Working with SparkApplications

Working with SparkApplications

Creating a New SparkApplication

A SparkApplication can be created from a YAML file storing the SparkApplication specification using either the kubectl apply -f <YAML file path> command or the sparkctl create <YAML file path> command. Please refer to the sparkctl README for usage of the sparkctl create command. Once a SparkApplication is successfully created, the operator will receive it and submits the application as configured in the specification to run on the Kubernetes cluster. Please note, that SparkOperator submits SparkApplication in Cluster mode only.

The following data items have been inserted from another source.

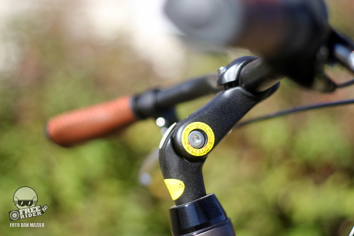 Ce mi-a plăcut la cele două biciclete a fost pipa reglabilă pe înălțime. Este o specificație pe care nu o întâlnești la orice bicicletă de oraș. Mi-a plăcut pentru că dacă voiai, o puteai înclina spre jos și imprima bicicletei o poziție ușor mai „race”, pentru cei care au nevoie de așa ceva. Pe de altă parte din păcate nu am reușit să fac acest reglaj, imbusul respectiv fiind foarte bine strâns.
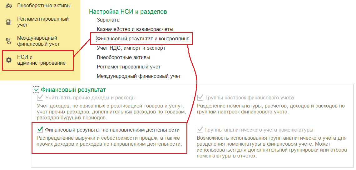 Для осуществления учета по направлениям деятельности требуется предварительное включение функциональной опции в разделе «НСИ и администрирование» – «Финансовый результат и контроллинг» – «Финансовый результат» – «Финансовый результат по направлениям деятельности».
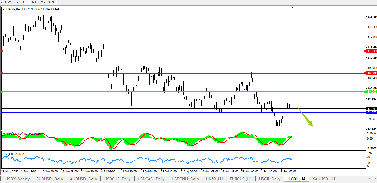 4小时图看:短线价格冲高后开始回落,中期图形结构中性, MACD量能柱0轴上小幅缩量,RSI整理偏弱,短期油价反弹后再度下行概率较大。
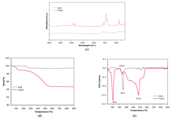 (a) TEM images (left), (b) SEM images (right), (c) ATR-FTIR spectra, (d) TGA curves, and (e) DTG trends of ZnO and f-ZnO.
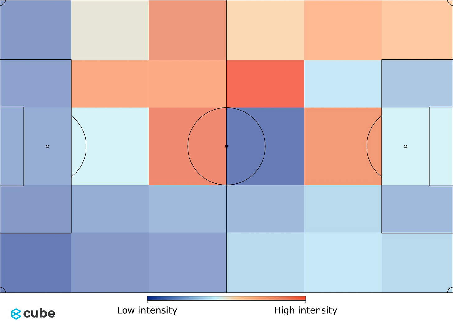 There’s a case to play Wirtz on the left of a front three, drifting inside to operate almost as a hybrid No 10. This role would replicate his movement map at Leverkusen, where his expected threat heatmap shows red-hot activity just outside the left edge of the penalty area. From here, he cuts across, releases angled through balls, or takes on defenders one-on-one.
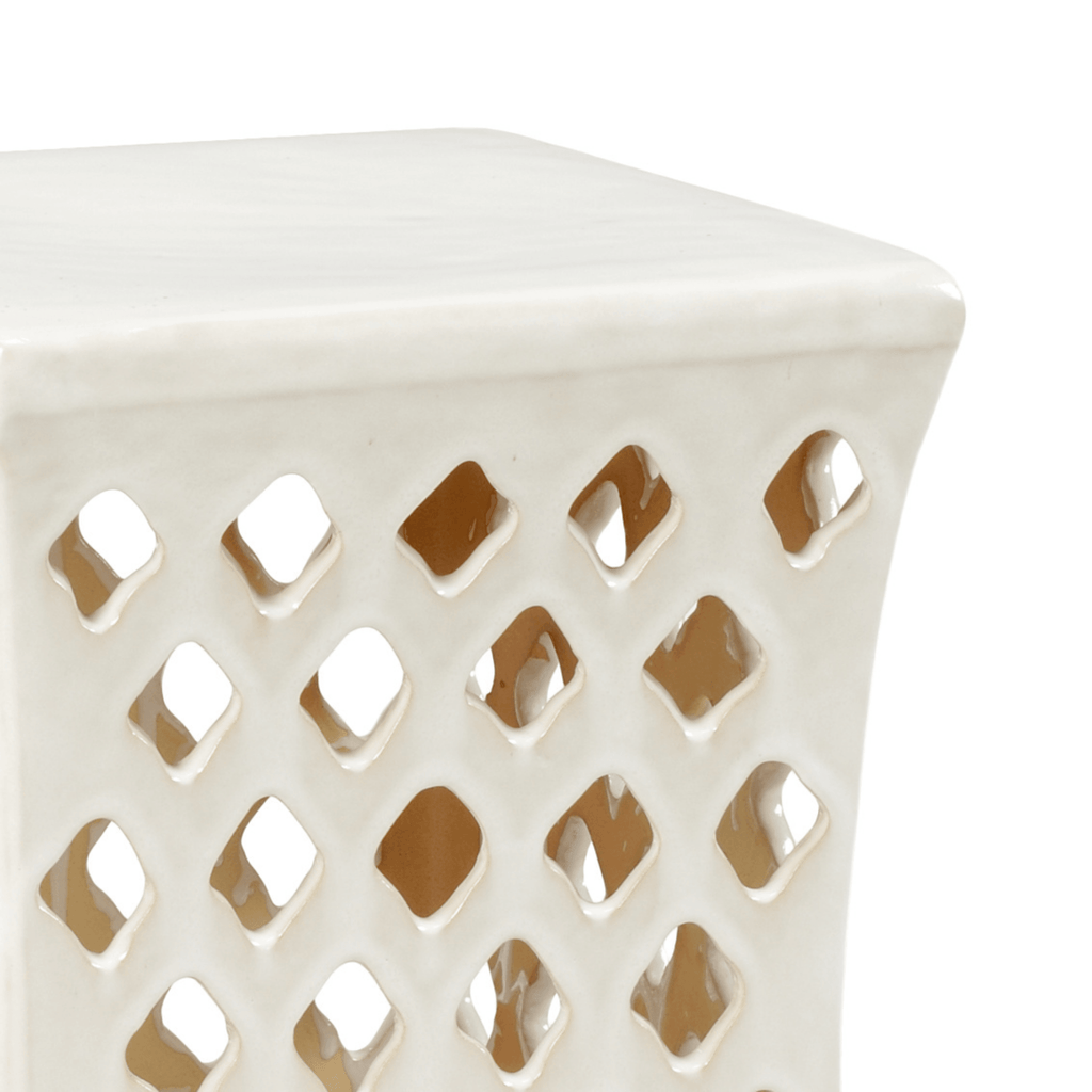 Meredith White Glaze Pierced Ceramic Garden Seat
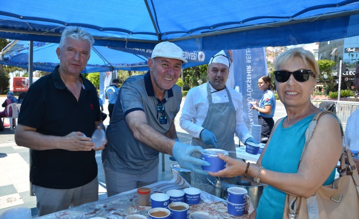 Antalya Büyükşehir Belediyesi’nin her yıl düzenlediği ve geleneksel hale getirdiği aşure ikramını bu yıl da sürdürülüyor. Antalya Büyükşehir Belediyesi Sosyal Hizmetler Dairesi Başkanlığı’na bağlı Alanya Aşevi’nde özenle hazırlanan aşureler stantı ziyaret eden herkese ikram edildi. Alanya Atatürk Anıtı önünde düzenlenen Aşure İkramı etkinliğine CHP Alanya İlçe Başkanı Bülent Kandemir, Yönetim Kurulu üyeleri, kadın ve gençlik kolları yöneticileri Antalya Büyükşehir Belediyesi Alanya Hizmet Birimi Şube Müdürü Gazi Öten, Büyükşehir Birim sorumluları ve çok sayıda vatandaş katıldı. Başkan Kandemir, partili yöneticiler ve Alanya Şube Müdürü Gazi Öten kendi elleriyle vatandaşlara turistlere aşure ikram etti.
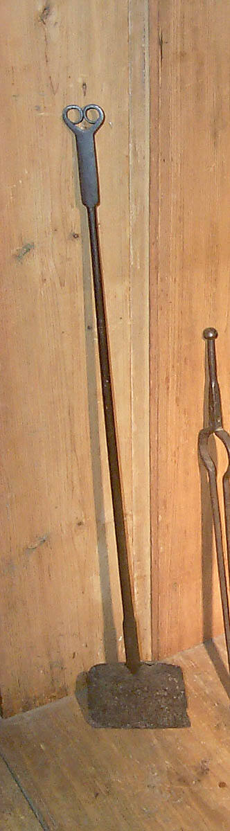 DescriptionSmall, flat long-handled shovel with two rings in handle end.
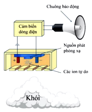 Hình vẽ bên dưới mô tả sơ đồ hoạt động đơn giản hoá của cảm biến báo khói ion hoá.
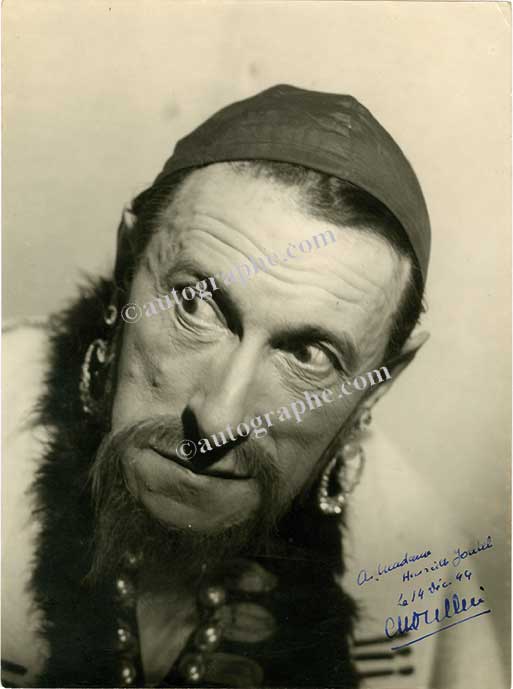 Photographie signée.Photographie autographe signé. 14 décembre 1944 ; 240 x 180 mm. Grande photographie représentant l’acteur dans le rôle de Shylock dédicacée : « À Madame Joutel. Le 14 déc. 44 Ch. Dullin ».

Deleting a SparkApplication

A SparkApplication can be deleted using either the kubectl delete <name> command or the sparkctl delete <name> command. Please refer to the sparkctl README for usage of the sparkctl delete command. Deleting a SparkApplication deletes the Spark application associated with it. If the application is running when the deletion happens, the application is killed and all Kubernetes resources associated with the application are deleted or garbage collected.

Updating a SparkApplication

A SparkApplication can be updated using the kubectl apply -f <updated YAML file> command. When a SparkApplication is successfully updated, the operator will receive both the updated and old SparkApplication objects. If the specification of the SparkApplication has changed, the operator submits the application to run, using the updated specification. If the application is currently running, the operator kills the running application before submitting a new run with the updated specification. There is planned work to enhance the way SparkApplication updates are handled. For example, if the change was to increase the number of executor instances, instead of killing the currently running application and starting a new run, it is a much better user experience to incrementally launch the additional executor pods.

Checking a SparkApplication

A SparkApplication can be checked using the kubectl describe sparkapplications <name> command. The output of the command shows the specification and status of the SparkApplication as well as events associated with it. The events communicate the overall process and errors of the SparkApplication.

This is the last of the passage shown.